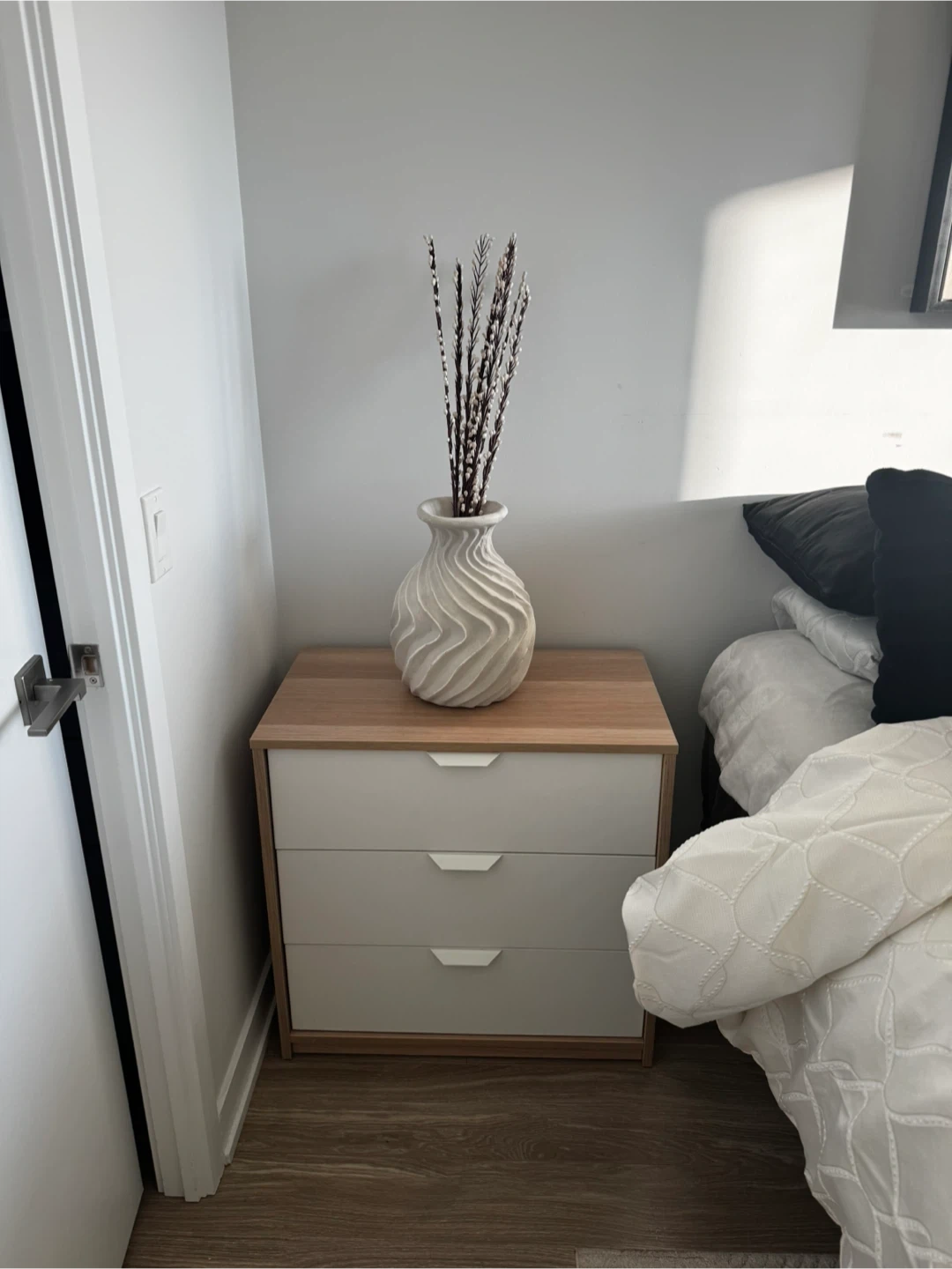 Selling pair of 3 drawer chests from IKEA as well as a 2 drawer chest White and light oak/ash wood tone. Both are in Amazing condition and ready for a new home.
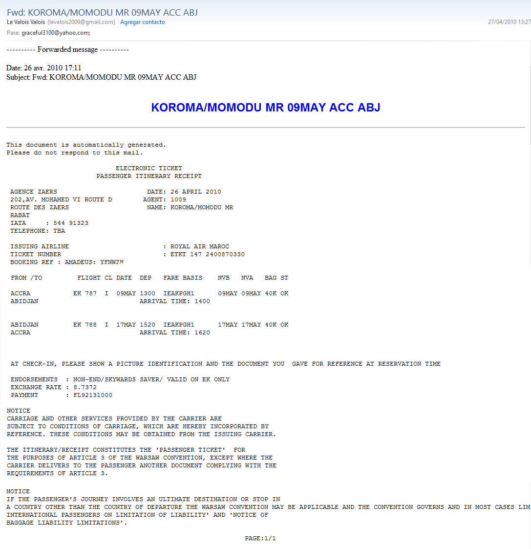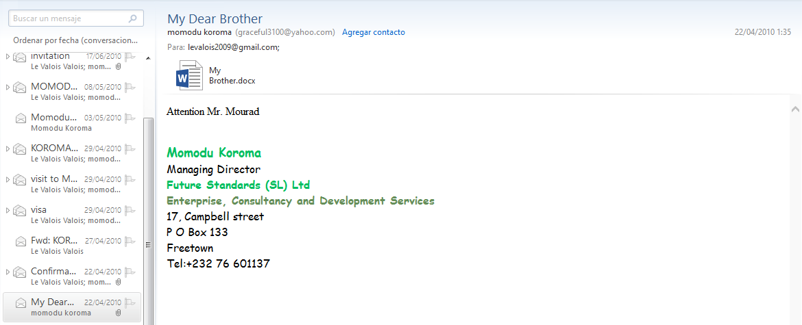 Dans son email du 17 juin 2010, il exprime remercie Mourad pour le traitement reçu et « ses efforts en vue de maintenir des bonnes relations fraternelles et une coopération réciproque ».
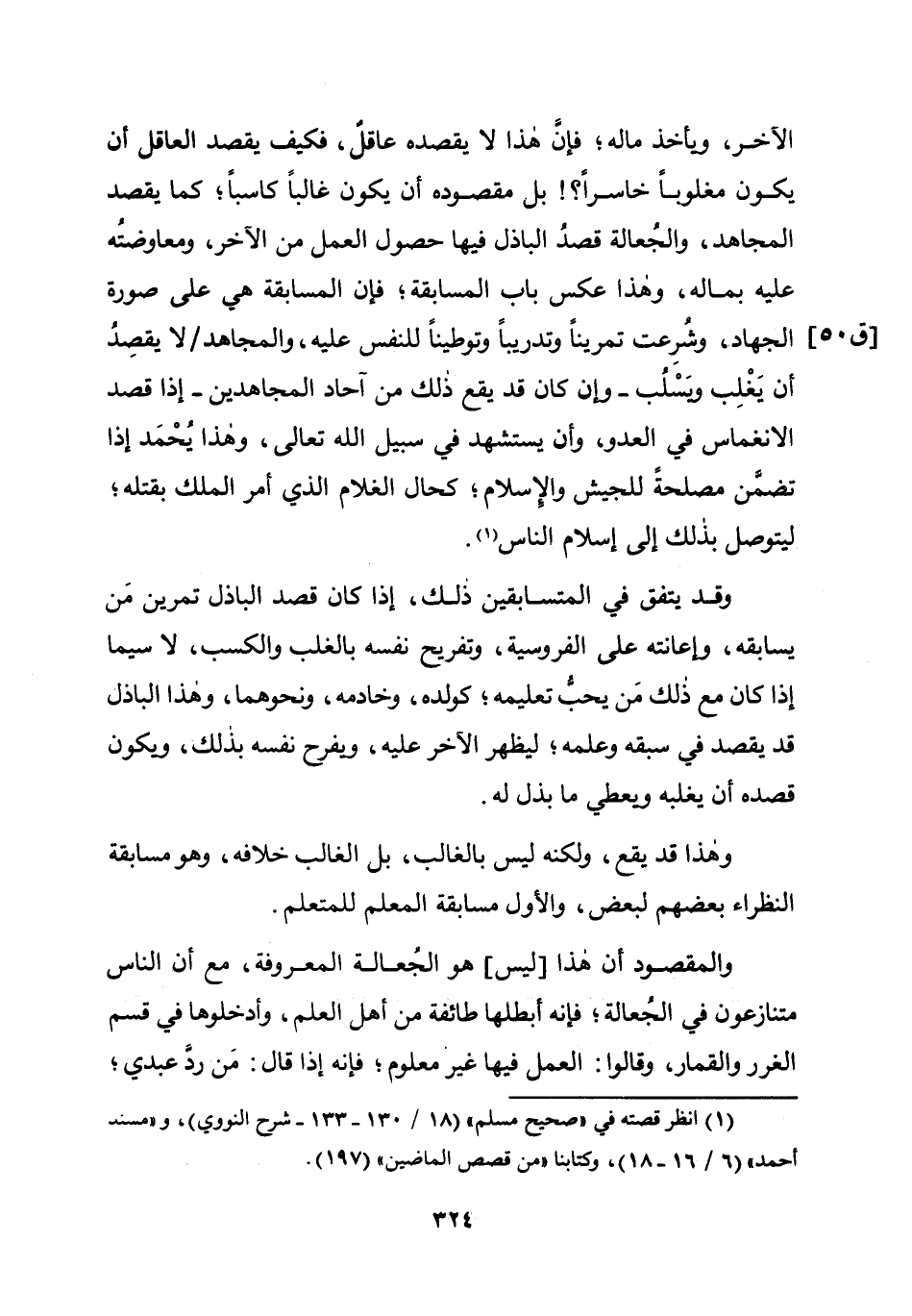 الآخر وَيَأْخُذ مَاله فَإِن هَذَا لَا يَقْصِدهُ عَاقل فَكيف يقْصد الْعَاقِل أَن يكون مَغْلُوبًا خاسرا بل مَقْصُوده أَن يكون غَالِبا كاسبا كَمَا يقْصد الْمُجَاهِد والجعالة قصد الْبَاذِل فِيهَا حُصُول الْعَمَل من الآخر ومعاوضته عَلَيْهِ بِمَالِه وَهَذَا عكس بَاب الْمُسَابقَة فَإِن الْمُسَابقَة هِيَ عَليّ صُورَة الْجِهَاد وشرعت تموينا وتدريبا وتوطينا للنَّفس عَلَيْهِ والمجاهد لَا يقْصد أَن يغلب ويسلب وَإِن كَانَ قد يَقع ذَلِك من آحَاد الْمُجَاهدين إِذا قصد الانغماس فِي الْعَدو وَأَن يستشهد فِي سَبِيل الله تَعَالَى وَهَذَا يحمد إِذا تضمن مصلحَة للجيش وَالْإِسْلَام كَحال الْغُلَام الَّذِي أَمر الْملك بقتْله ليتوصل بذلك إِلَى إِسْلَام النَّاس
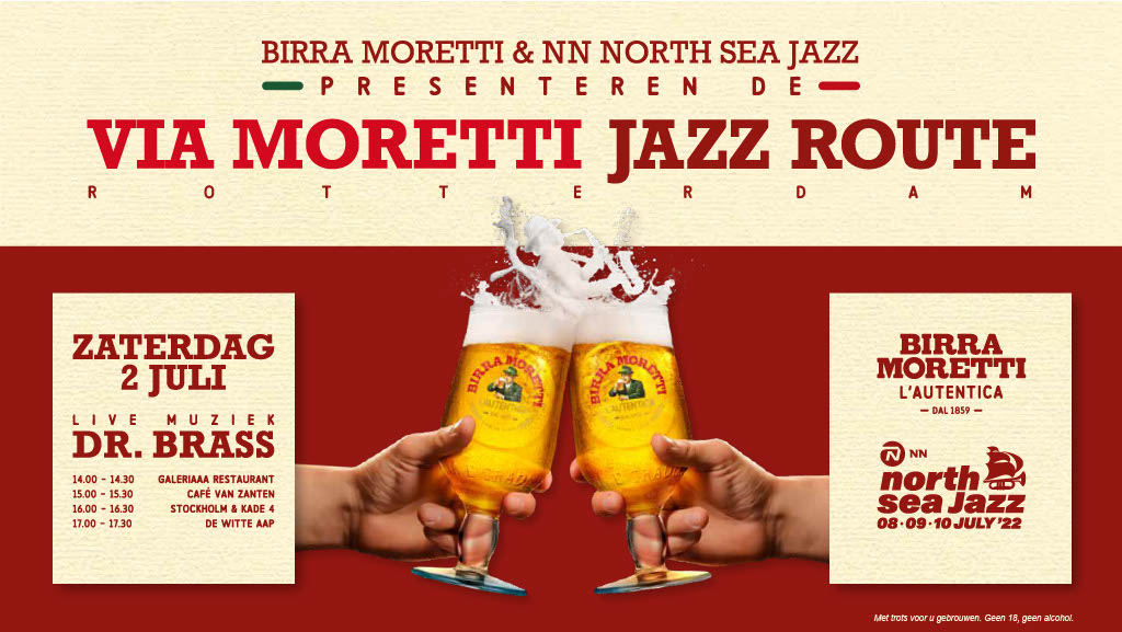 Op zaterdag 2 juli brengt Birra Moretti in samenwerking met NN North Sea Jazz een muzikaal spektakel naar de Rotterdamse straten. Via Moretti is een voorproefje op het jaarlijkse muziekfestival NN North Sea Jazz, dat een week later in de havenstad plaatsvindt. Tijdens Via Moretti kun je op verschillende locaties in de stad een unieke muziekervaring beleven. Onder leiding van Dr. Brass, een achtkoppige brassband met energie voor tien, reist de karavaan over de Via Moretti langs vier verschillende restaurants en kroegen met een Italiaans tintje.
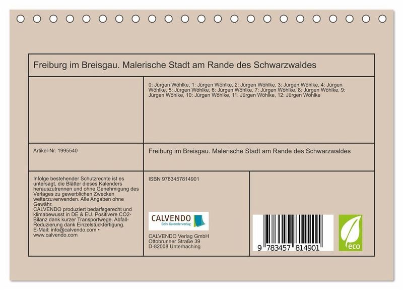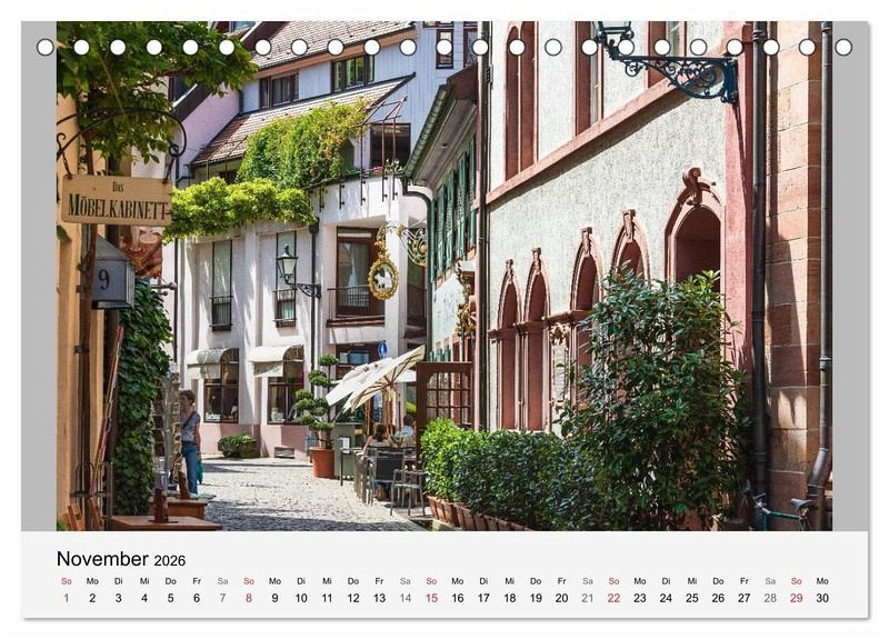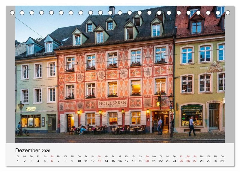 Der Kalender zeigt romantische Motive der zauberhaften Stadt Freiburg. Die historische Altstadt Freiburgs zeichnet sich durch ihre vielen kleinen Gässchen und Straßen aus, durch die man als Fußgänger gemütlich spazieren kann. Bei einem Bummel durch die historische Altstadt wurden wunderschöne Motive aufgenommen von verschwiegenen Gassen und beeindruckenden Bauten der historischen Altstadt. Wahrzeichen der Stadt ist das Freiburger Münster, dessen Turm zu den Meisterleistungen gotischer Architektur zählt.
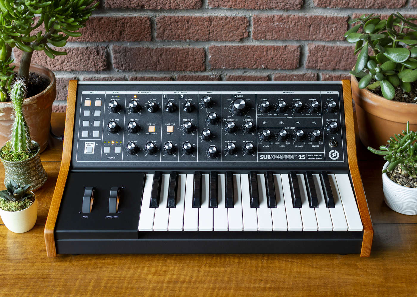 .The Subsequent 25 is a scaled-down version of the popular Subsequent 37 duophonic analog synthesizer and also the successor to the Moog Sub Phatty. Fittingly, the Subsequent 37 presents itself as a mixture of the two synthesizers. Format, controls and their arrangement correspond to the Sub Phatty, but with the black metal housing with wooden sides and the slanted control surface with knobs in the classic Moog design, the Subsequent 25 also looks like a Subsequent 37 shrunk in width.

## EXERCISE DETAILS
Could you give all the records again, exactly, minus the pictures?

## WRITTEN REPLY
 Selling pair of 3 drawer chests from IKEA as well as a 2 drawer chest White and light oak/ash wood tone. Both are in Amazing condition and ready for a new home.
 Dans son email du 17 juin 2010, il exprime remercie Mourad pour le traitement reçu et « ses efforts en vue de maintenir des bonnes relations fraternelles et une coopération réciproque ».
 الآخر وَيَأْخُذ مَاله فَإِن هَذَا لَا يَقْصِدهُ عَاقل فَكيف يقْصد الْعَاقِل أَن يكون مَغْلُوبًا خاسرا بل مَقْصُوده أَن يكون غَالِبا كاسبا كَمَا يقْصد الْمُجَاهِد والجعالة قصد الْبَاذِل فِيهَا حُصُول الْعَمَل من الآخر ومعاوضته عَلَيْهِ بِمَالِه وَهَذَا عكس بَاب الْمُسَابقَة فَإِن الْمُسَابقَة هِيَ عَليّ صُورَة الْجِهَاد وشرعت تموينا وتدريبا وتوطينا للنَّفس عَلَيْهِ والمجاهد لَا يقْصد أَن يغلب ويسلب وَإِن كَانَ قد يَقع ذَلِك من آحَاد الْمُجَاهدين إِذا قصد الانغماس فِي الْعَدو وَأَن يستشهد فِي سَبِيل الله تَعَالَى وَهَذَا يحمد إِذا تضمن مصلحَة للجيش وَالْإِسْلَام كَحال الْغُلَام الَّذِي أَمر الْملك بقتْله ليتوصل بذلك إِلَى إِسْلَام النَّاس
 Op zaterdag 2 juli brengt Birra Moretti in samenwerking met NN North Sea Jazz een muzikaal spektakel naar de Rotterdamse straten. Via Moretti is een voorproefje op het jaarlijkse muziekfestival NN North Sea Jazz, dat een week later in de havenstad plaatsvindt. Tijdens Via Moretti kun je op verschillende locaties in de stad een unieke muziekervaring beleven. Onder leiding van Dr. Brass, een achtkoppige brassband met energie voor tien, reist de karavaan over de Via Moretti langs vier verschillende restaurants en kroegen met een Italiaans tintje.
 Der Kalender zeigt romantische Motive der zauberhaften Stadt Freiburg. Die historische Altstadt Freiburgs zeichnet sich durch ihre vielen kleinen Gässchen und Straßen aus, durch die man als Fußgänger gemütlich spazieren kann. Bei einem Bummel durch die historische Altstadt wurden wunderschöne Motive aufgenommen von verschwiegenen Gassen und beeindruckenden Bauten der historischen Altstadt. Wahrzeichen der Stadt ist das Freiburger Münster, dessen Turm zu den Meisterleistungen gotischer Architektur zählt.
 .The Subsequent 25 is a scaled-down version of the popular Subsequent 37 duophonic analog synthesizer and also the successor to the Moog Sub Phatty. Fittingly, the Subsequent 37 presents itself as a mixture of the two synthesizers. Format, controls and their arrangement correspond to the Sub Phatty, but with the black metal housing with wooden sides and the slanted control surface with knobs in the classic Moog design, the Subsequent 25 also looks like a Subsequent 37 shrunk in width.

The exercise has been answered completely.